-- DATA SEGMENT --

______

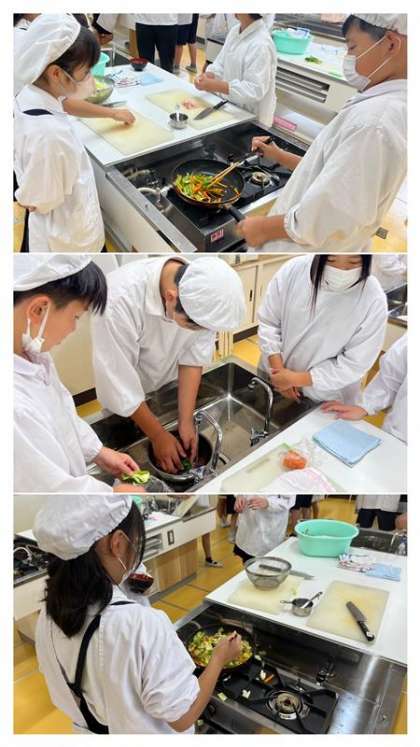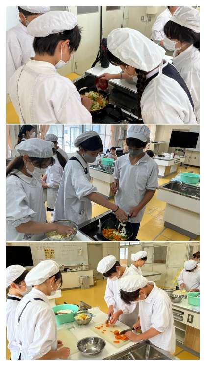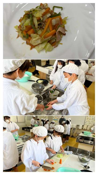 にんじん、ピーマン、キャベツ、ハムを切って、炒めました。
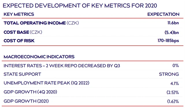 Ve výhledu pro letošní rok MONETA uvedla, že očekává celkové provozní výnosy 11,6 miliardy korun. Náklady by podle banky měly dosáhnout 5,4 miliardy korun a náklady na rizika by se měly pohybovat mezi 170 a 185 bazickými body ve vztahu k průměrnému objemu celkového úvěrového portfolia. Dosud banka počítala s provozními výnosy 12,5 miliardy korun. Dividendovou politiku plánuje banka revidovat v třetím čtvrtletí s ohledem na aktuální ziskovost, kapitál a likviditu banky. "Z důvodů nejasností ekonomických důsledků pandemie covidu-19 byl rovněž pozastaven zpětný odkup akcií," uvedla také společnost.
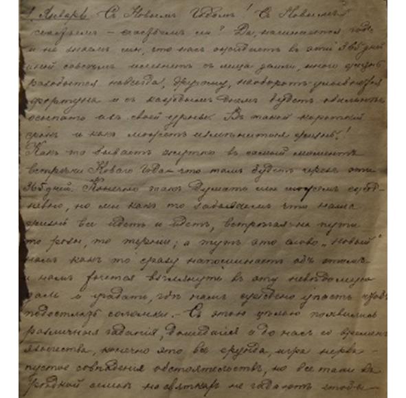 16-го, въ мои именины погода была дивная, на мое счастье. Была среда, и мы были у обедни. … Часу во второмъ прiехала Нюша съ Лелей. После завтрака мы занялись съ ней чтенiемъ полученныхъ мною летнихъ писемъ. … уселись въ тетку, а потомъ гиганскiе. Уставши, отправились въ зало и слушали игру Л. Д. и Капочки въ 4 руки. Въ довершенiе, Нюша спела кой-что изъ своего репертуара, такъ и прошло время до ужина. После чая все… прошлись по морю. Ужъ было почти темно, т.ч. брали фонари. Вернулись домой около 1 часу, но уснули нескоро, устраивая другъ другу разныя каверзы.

______

All lines from the beginning of the material through the line that holds "Ve výhledu pro", both included, should be returned exactly; please omit any pictures and add no other lines.

 にんじん、ピーマン、キャベツ、ハムを切って、炒めました。
 Ve výhledu pro letošní rok MONETA uvedla, že očekává celkové provozní výnosy 11,6 miliardy korun. Náklady by podle banky měly dosáhnout 5,4 miliardy korun a náklady na rizika by se měly pohybovat mezi 170 a 185 bazickými body ve vztahu k průměrnému objemu celkového úvěrového portfolia. Dosud banka počítala s provozními výnosy 12,5 miliardy korun. Dividendovou politiku plánuje banka revidovat v třetím čtvrtletí s ohledem na aktuální ziskovost, kapitál a likviditu banky. "Z důvodů nejasností ekonomických důsledků pandemie covidu-19 byl rovněž pozastaven zpětný odkup akcií," uvedla také společnost.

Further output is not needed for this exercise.